Claire bleibt stehen. "Es gibt bisher vier Tote, richtig? Und ihr naiven Teenager denkt, ihr seid dem gewachsen? Oh Mann!"
"Claire, beruhige dich, bitte. Dein Wutausbruch hilft nun auch nicht weiter."
"Danny! Deine Ruhe möchte ich einmal haben! Das ist deine Tochter, die da draussen verschollen ist! Verstehst du das? Und ich bin daran schuld!" Claire setzt sich und weint. Danny nimmt sie in den Arm.
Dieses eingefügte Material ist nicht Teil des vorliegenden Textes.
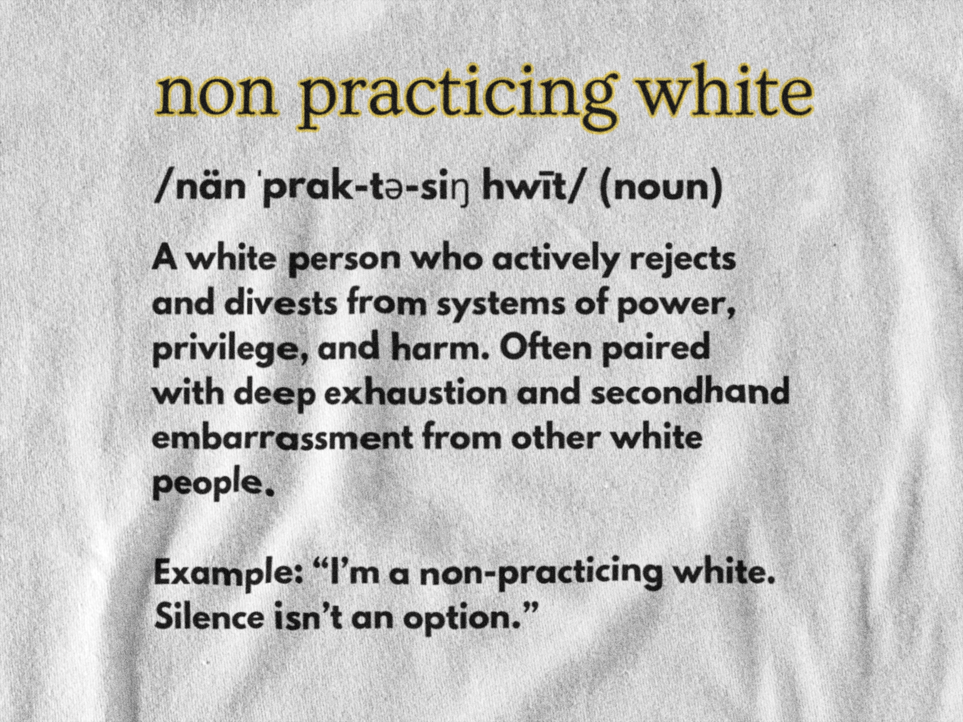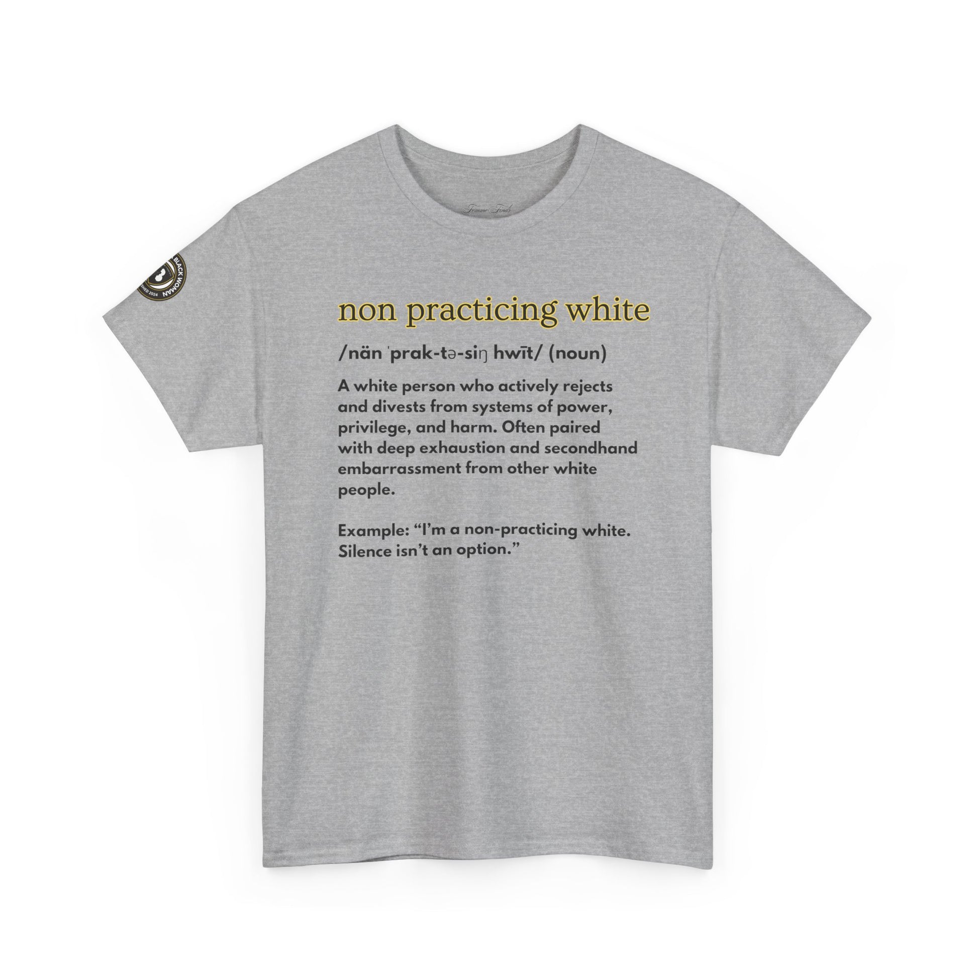 Created for those who are exhausted by the harm, hypocrisy, and hate still rooted in white supremacy, this shirt speaks to a collective frustration and a shared responsibility to do better. This tee is a purpose driven shirt created to fuel meaningful change. Wear it proudly knowing your choice contributes to the greater good.

"Claire, vielleicht solltest du unseren Freunden hier zuerst einmal erklären, wer du wirklich bist. Danach können wir die Rettung unserer Tochter organisieren."
Claire schluchzt, fasst sich und atmet stark ein und aus. "Mein Name ist Commander Claire Jones. Ich leite eine streng geheime Truppe erfahrener Kämpfer der CIA. Wir jagen diesen Wolf seit vielen Jahren." Claire hat ihren Kopf gesenkt und spricht nur leise.
Kevin räuspert sich. Claire bewegt sich müde und schaut ihn fragend an.
"Ehm, ... Mrs. Jones, da ist noch etwas. Es geht nicht um Miss Wolff. Loupine Wolff hat sich heute auf unsere Seite geschlagen und uns gewarnt. Ich fürchte, wir haben es mit weit gefährlicheren Wesen zu tun."
"Bitte sage mir, dass das nicht wahr ist."
Kevin hebt entschuldigend die Schultern, Chu weint und nickt, ihr Vater hat sie längst in den Arm genommen. Aus der Küche riecht es verführerisch nach Pizza.
Claire wirft ihre Arme in die Höhe und dreht den Kopf hin und her. "Scheisse, verdammt!" Sie stützt sich zwischen den Händen auf. Ganz leise sagt sie nach einer kurzen Pause: "Danny - dein Gebiet. Du bist dran!" Dabei schaut sie ihren Mann an.